Yahoo Answers is shutting down on May 4th, 2021 (Eastern Time) and beginning April 20th, 2021 (Eastern Time) the Yahoo Answers website will be in read-only mode. There will be no changes to other Yahoo properties or services, or your Yahoo account. You can find more information about the Yahoo Answers shutdown and how to download your data on this help page.

Survey--what would you consider "crossing the line" for a step parent?

I'm not a step parent, but I know a lot of them...My sons have a stepmom, and my husband is a stepdad...I also have friends that are step parents. I've heard all KINDS of arguments on rights and boundaries... I'm just wondering if anyone has experience dealing with it?

5 Answers

Relevance
  • 1 decade ago
    Favorite Answer

    Anything thing you could do that would make the child feel uncomfortable is crossing the line I think.

    Especially if you jump right into it and think automatically the child is going to like you and be perfect and do everything you say. Trying to hit the kid or talk bad about them or their real parent it defiantly crossing the line and just will add more problems into your life and theirs - because they will never respect you and then they will not have a good relationship with your husband/wife (their parent that is with you) because they are with someone who talks bad about their other parent.

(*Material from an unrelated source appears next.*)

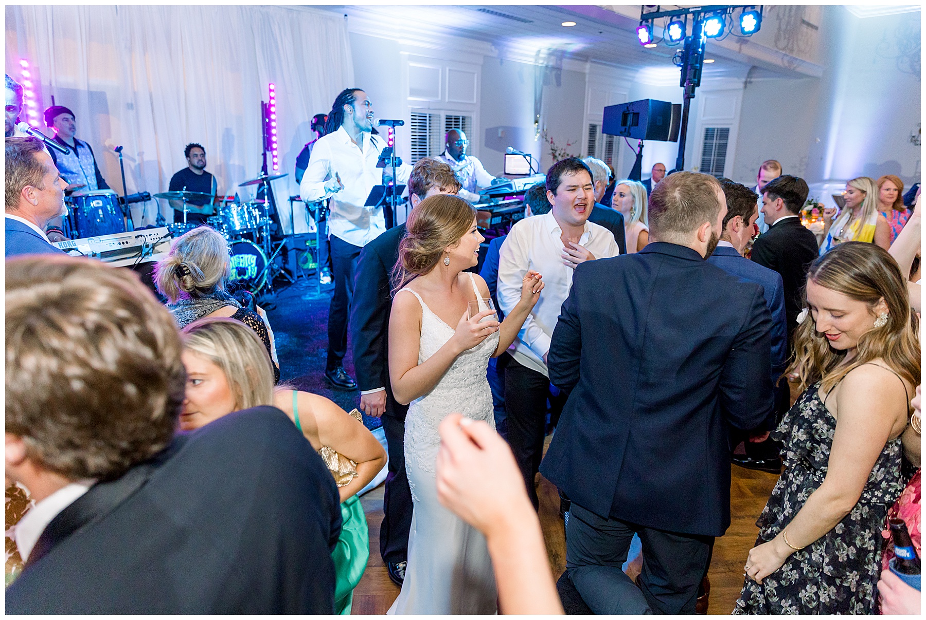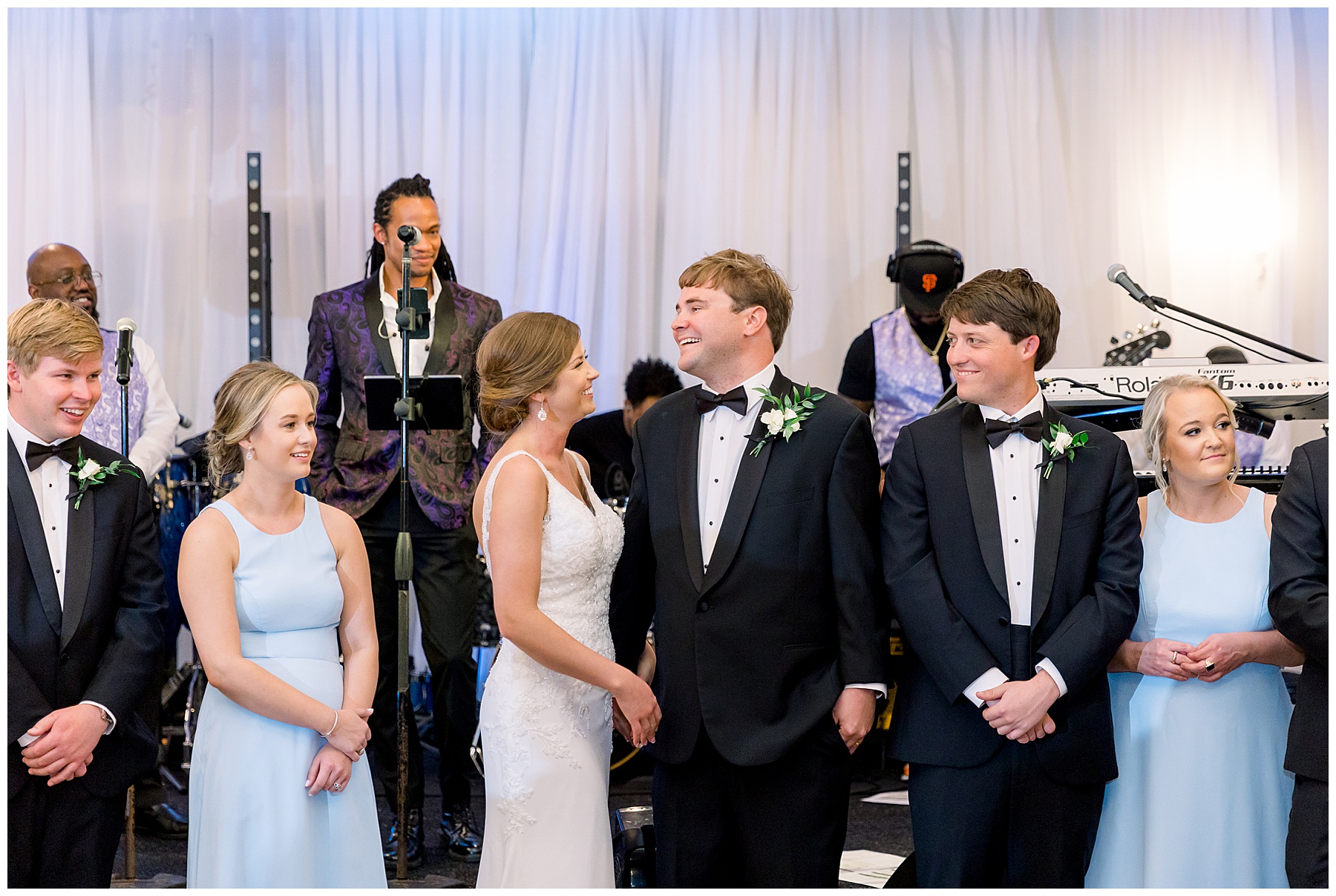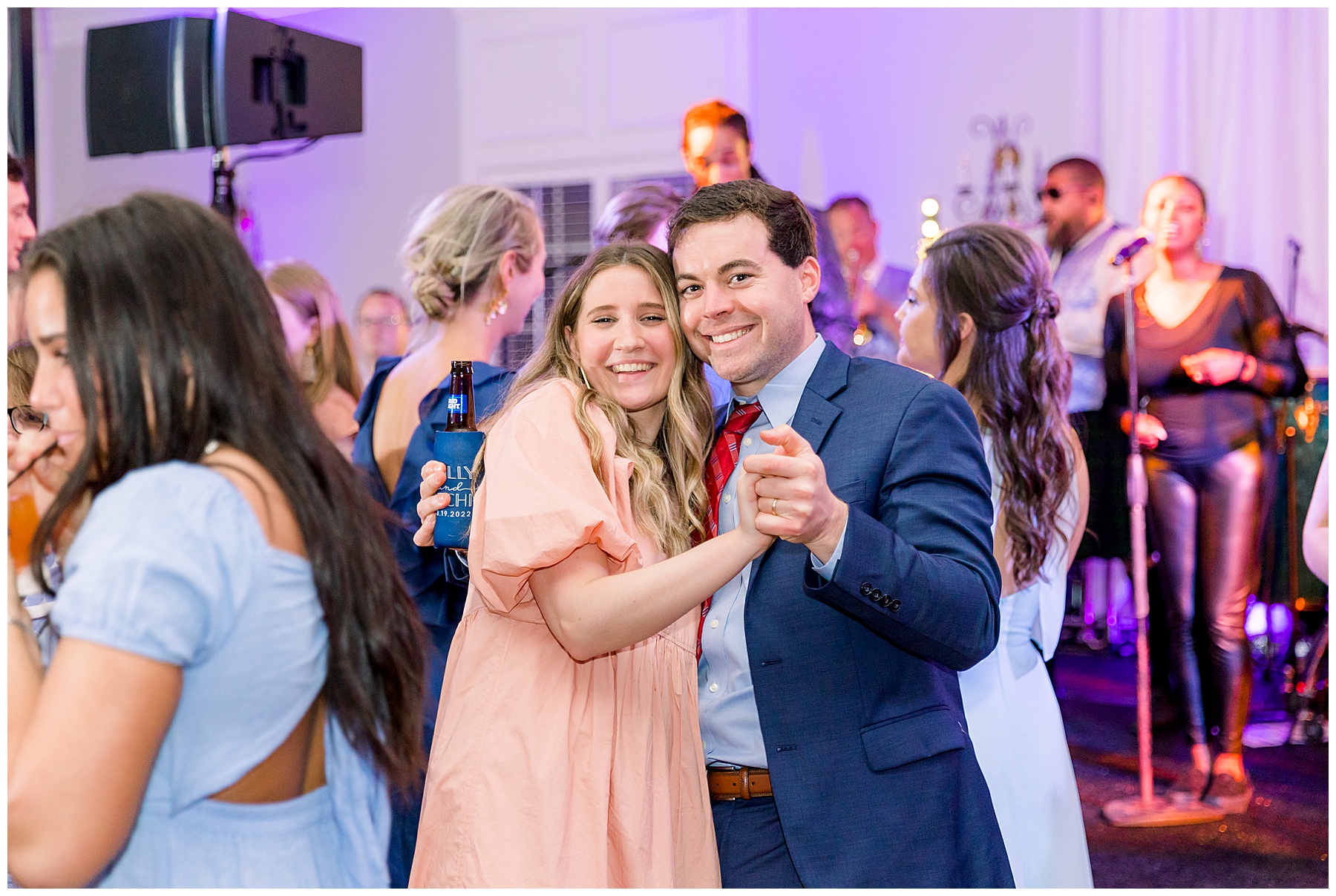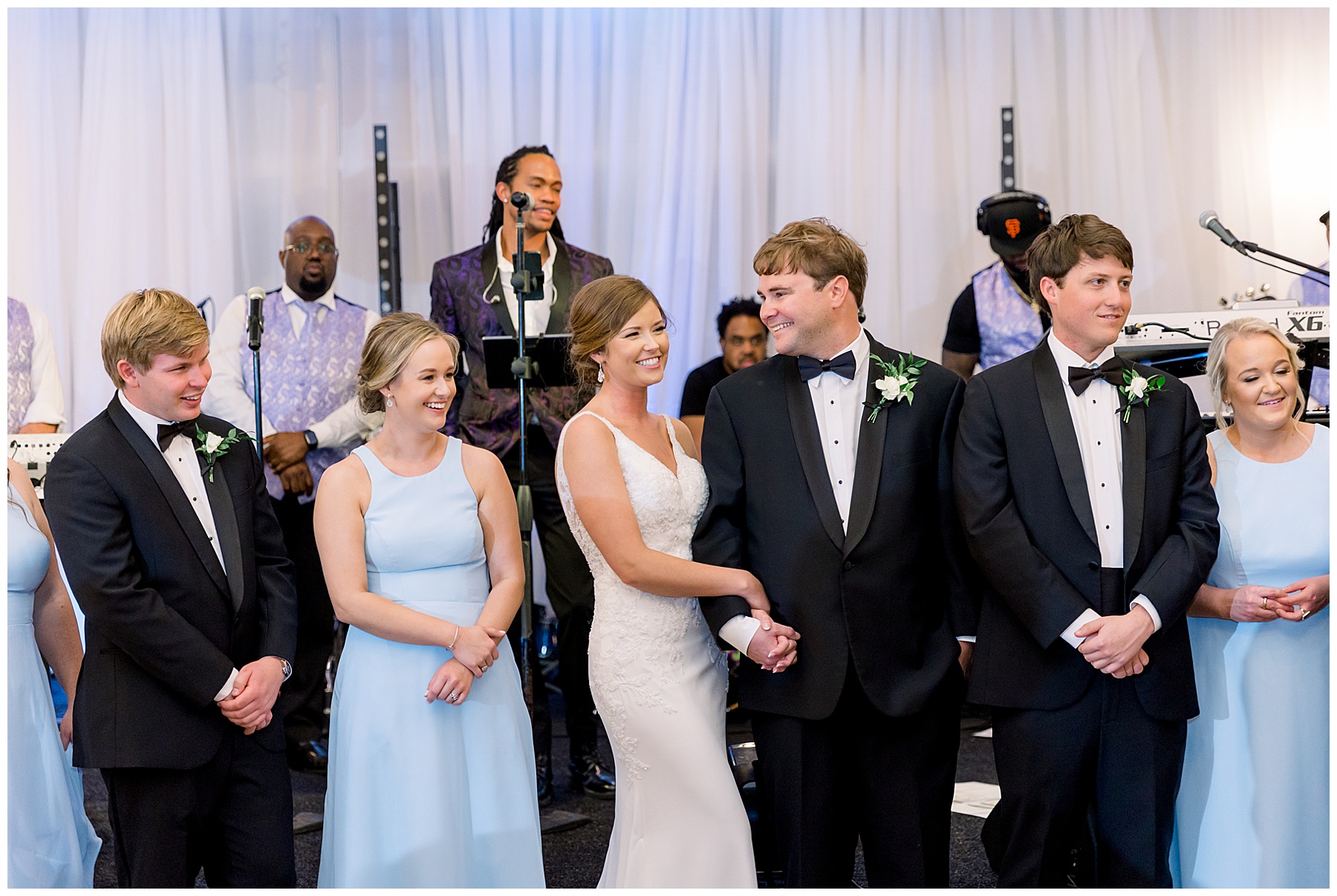 They kicked off the reception with lots of food (3 stations of food – everything from smoked brisket to chips + guacamole!) drinks, cake, and LOTS and LOTS of dancing! The Sleeping Booty Band kept the guests on the dance floor ALL NIGHT LONG! They were so much fun to watch and interactive too! Fun fact – for the past 2 years Phillip and I have been virtually attending the Summit Church, and our favorite Summit musician Mike just HAPPENED to be the lead singer of the band!!!! I totally fangirled and loved every minute of seeing him perform in person!

    First .. most kids will have a grumpy view of the situation depending on the age they are so I guess they stepmom/dad would have to watch about everything they do .... even trying to bold a little too much or trying to hard to get along would be crossing the line.

  • Anonymous
    1 decade ago

    I have been a step-parent for almost 20 years. I have an excellent relationship with my steps. When the kids were small, I did not give them special rules to live by in our house. If my kids had certain rules, the same applied to any child in our house. Also friends. Everyone was treated equally. The only thing different was that I did occasionally spank our kids, but never spanked his. That is overstepping the boundaries, in my opinion.

  • 1 decade ago

    What do mean by crossing the line? My wife is a step parent and when we became serious, we established that we are the parents and my daughter was the child. We were to set the examples and discipline when needed. I told my wife what I expected and we told my daughter how it would be. Its our roost and we rule it not her. Everything worked out so well. I believe that its because we had everything out in the open from the start.

    Source(s): My life
  • 1 decade ago

    I think presenting yourself to others (such as to schools, coaches, etc.) as the parent is crossing the line.

    To get very accurate answers you would need to be a little more specific. If the natural mother was NOT in the picture and I married the child's father, of course I would say I was his/ her mother to others. My answer was presuming that both parents are active in the child's life and that both are responsible parents.

  • How do you think about the answers? You can sign in to vote the answer.
  • 5 years ago

    i don't sense like that's suitable. mothers and fathers shouldn't stress babies to call a step ensure mom or dad. the only way this turns into suited is that if the newborn does it from own unfastened will, in many circumstances in circumstances the place a organic and organic ensure dies whilst the newborn is youthful and the step ensure has been there their total lifestyles. Or a matching difficulty.

Still have questions? Get your answers by asking now.